What's the Deal With All These Mail Clubs Suddenly Showing Up in My Feed?
Maybe it's just my algorithm, but lately I can't scroll Instagram without seeing someone launch a snail mail club.
Monthly letters. Curated postcards. Bookish subscriptions. Pen pal projects. Tiny envelopes filled with stickers, art prints, photographs, and handwritten notes.
At first, I assumed it was one of those oddly specific internet trends that had somehow found me. The social media equivalent of looking up hiking boots once and then spending the next six months being aggressively targeted by camping gear ads.
But the more I paid attention, the more I realized this wasn't just an algorithm thing.
Mail clubs really are having a moment, and the more I think about it, the more it makes perfect sense.
We're living in a time when nearly every interaction happens through a screen. We text instead of calling. We send DMs instead of letters. We react with emojis instead of writing out our thoughts. Most of us spend hours every day consuming content, responding to notifications, and trying to keep up with the endless stream of information flowing toward us.
We've never been more connected.
And yet, many of us feel more disconnected than ever.
It's one of the great contradictions of modern life. Which is why I think we're seeing a resurgence of things that feel slower, more tangible, and more human.
Mail clubs are part of that shift, but they're not the only example. Independent bookstores are thriving. Book clubs are booming. Vinyl records continue to sell. Film photography has made a comeback. People are carrying paper planners and filling journals by hand.
In a culture obsessed with speed and convenience, we're seeing a growing desire to slow down and actually experience things.
The funny thing is, I don’t think mail clubs are actually about mail.
I think they're about anticipation.
Think about how little anticipation exists in our lives now. We can stream almost any movie instantly. Most online purchases arrive within a day or two. We can communicate with someone across the world in seconds.
Convenience is wonderful, but we've lost something in the process.
We've lost the joy of looking forward to things.
There is something uniquely delightful about knowing a surprise is making its way to you. Something that wasn't ordered because you needed it. Something that arrives simply because someone wanted to create a moment of delight.
A text message appears and disappears.
An email gets archived.
A social media post is forgotten five minutes later.
A letter is different.
You hold it in your hands. You open it with curiosity. Maybe you read it immediately, or maybe you save it for later with a cup of coffee.
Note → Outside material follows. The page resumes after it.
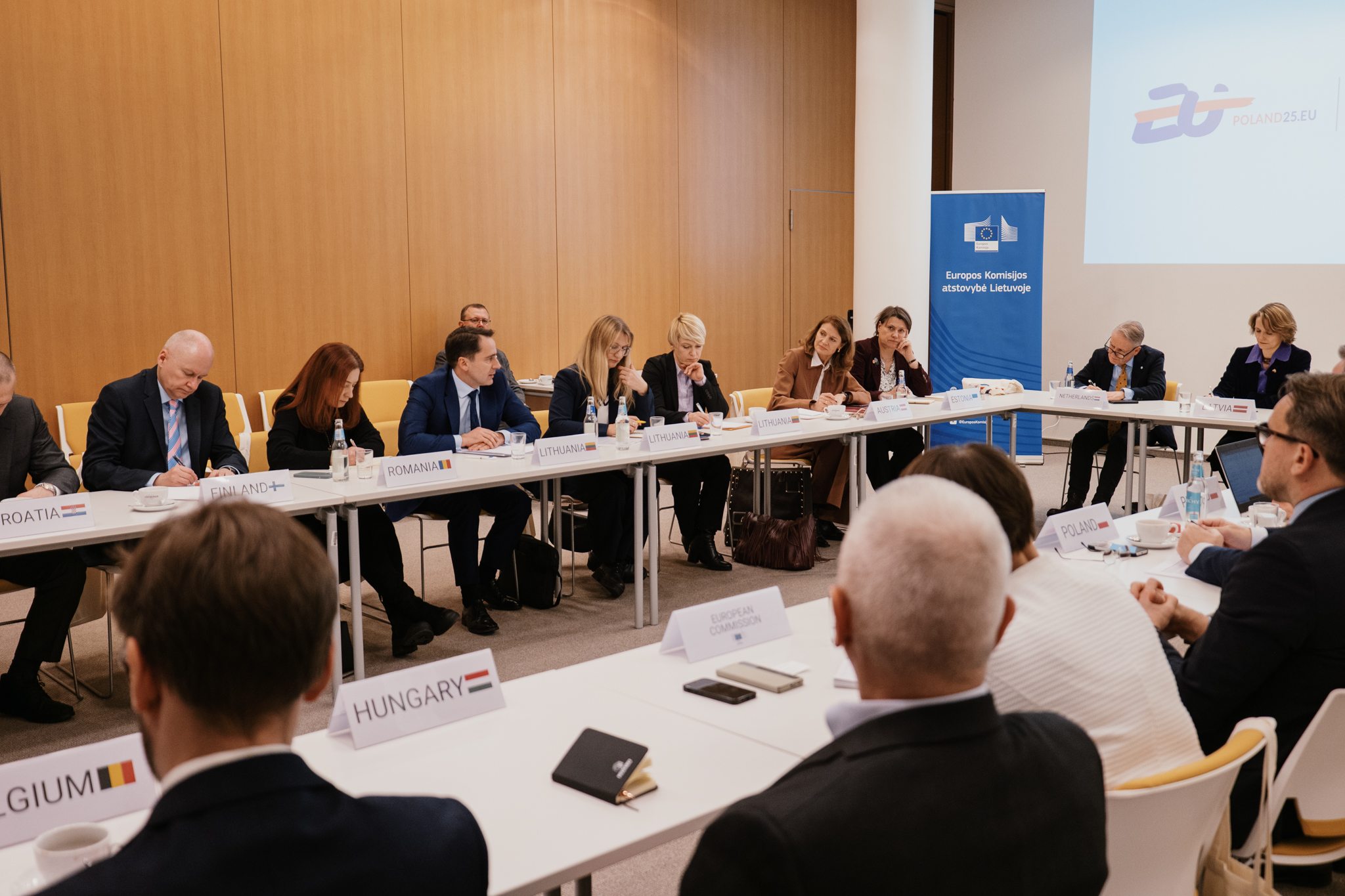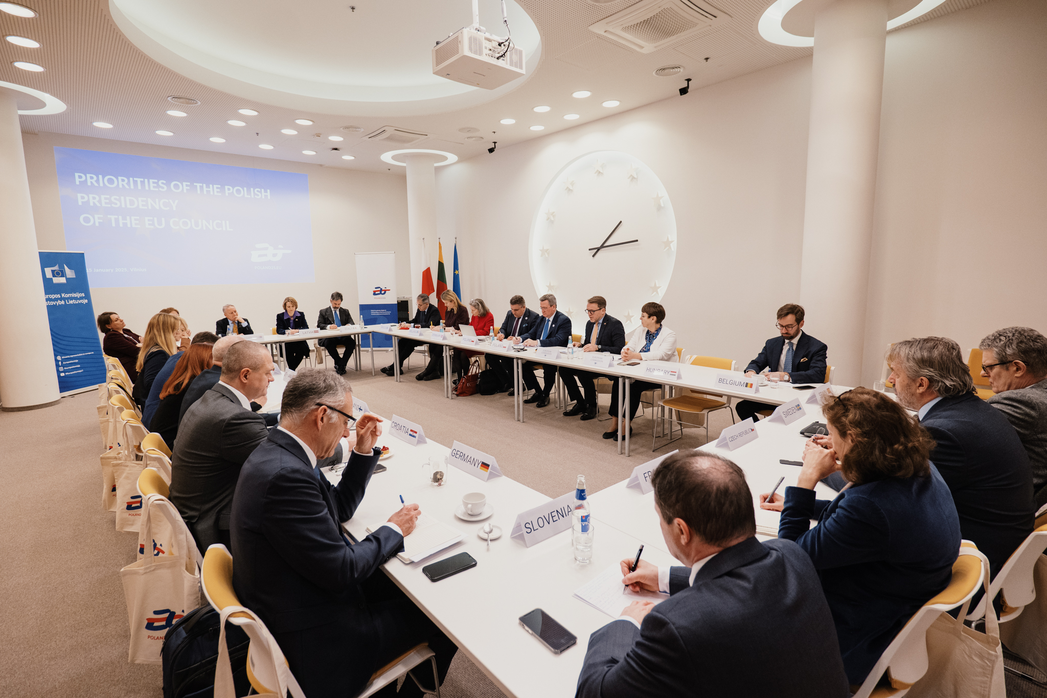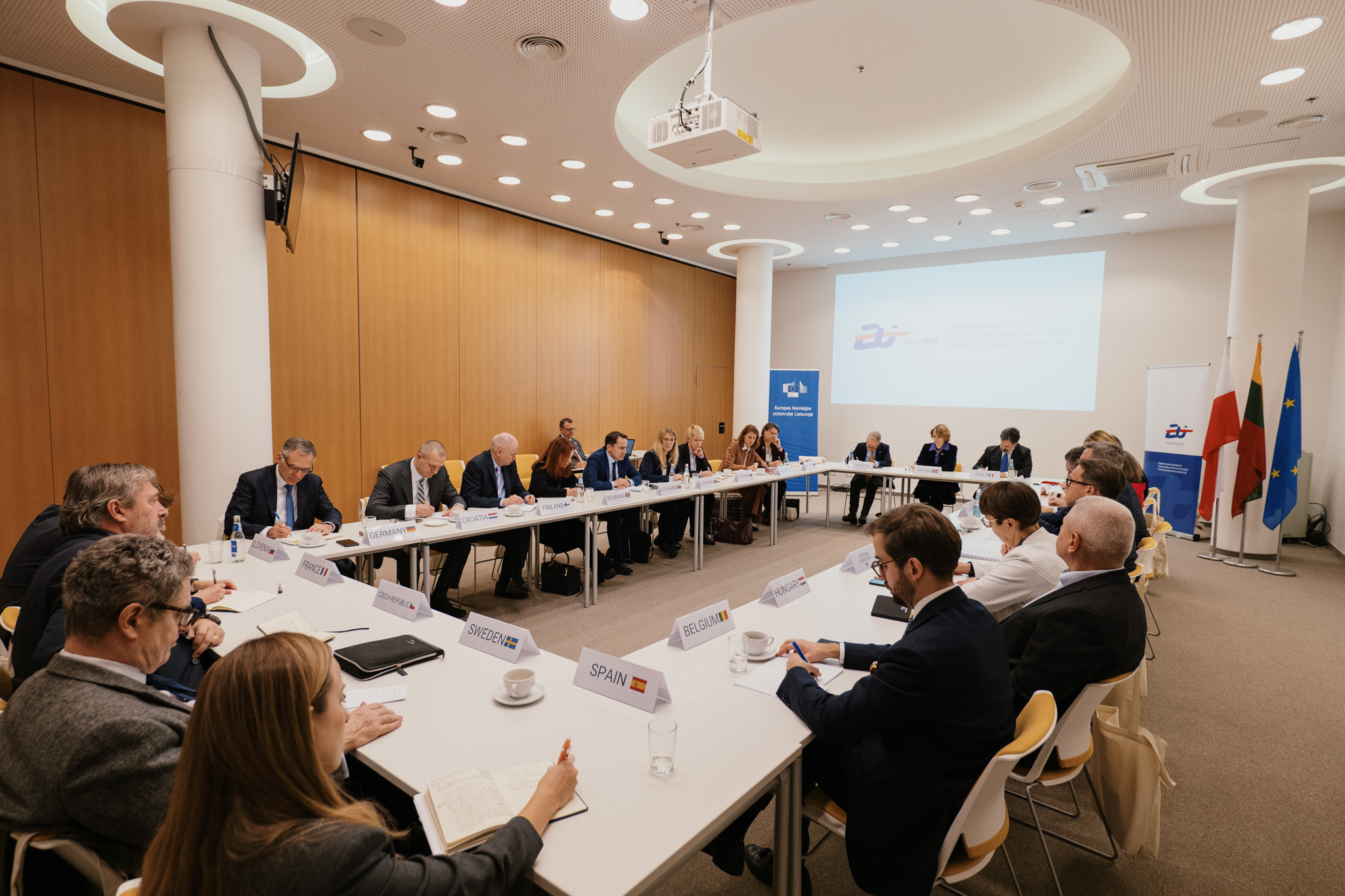 Lenkijos Respublikos įgaliotasis reikalų patikėtinis Grzegorz M. Poznański susitikime su ES valstybių narių ambasadoriais Europos Komisijos atstovybėje Lietuvoje pristatė 2025 m. sausio 1 d. prasidėjusio Lenkijos pirmininkavimo ES Tarybai prioritetus.

Maybe it ends up tucked inside a favorite book or displayed on the refrigerator for a few weeks.
Physical mail occupies space in our lives in a way digital communication never can.
I think that's partly why these clubs resonate so deeply right now.
But I also think they're tapping into something even bigger.
Loneliness.
Making friends as an adult is surprisingly hard. Many of us work remotely. We've moved away from our hometowns. Our social circles have shifted over the years. Between work, responsibilities, and everyday life, meaningful connections can feel harder to come by than they used to.
Mail clubs won't solve loneliness, but they do create small moments of connection.
Behind every envelope is a real person. A real story. A real experience being shared with someone else.
In a strange way, these clubs are building community through the mailbox.
And maybe that's what people are really signing up for.
Not paper.
Not stamps.
Not collectibles.
Connection.
Storytelling.
A sense of belonging.
A reminder that there are other people out there navigating life right alongside us.
I suppose that's what inspired me to create the Say Yes Mail Club.
Truthfully, it wasn't some grand business strategy. It was simply the kind of mail I wished existed in my own mailbox.
Each month, I pull a photograph from nearly two decades of travel and photography archives. Sometimes it's a quiet street in Italy. Sometimes it's a bookstore in New York. Sometimes it's a moment that most people would have walked right past without noticing.
Along with the photograph, I write a personal letter. Sometimes it's the story behind the image. Sometimes it's a memory from that place. Sometimes it's something I've been thinking about lately: saying yes to an opportunity, trusting yourself, slowing down, paying attention, staying curious.
I also include a reading list inspired by that month's destination or theme, because every good adventure eventually leads me into a bookstore.
The goal isn't really to send people mail.
The goal is to share stories, spark curiosity, and create a small moment each month that feels a little more intentional than the rest of our hurried lives.
It's intentionally simple.
No app to download.
No notifications to manage.
No algorithm decides whether you'll see it.
Just a photograph, a story, and a little piece of the world arriving in your mailbox.
Judging by the number of mail clubs popping up everywhere lately, I don't think I'm the only person craving that kind of simplicity.
Perhaps the rise of mail clubs tells us something important about ourselves.
For all the incredible conveniences technology has given us, we're still human beings who crave stories, surprise, and meaningful connection. We still appreciate tangible experiences. We still get excited when something thoughtful arrives unexpectedly.
Maybe that's why opening the mailbox can still feel a little magical.
Not because we're expecting something important.
But because we're hoping for something meaningful.
And sometimes, those are not the same thing at all.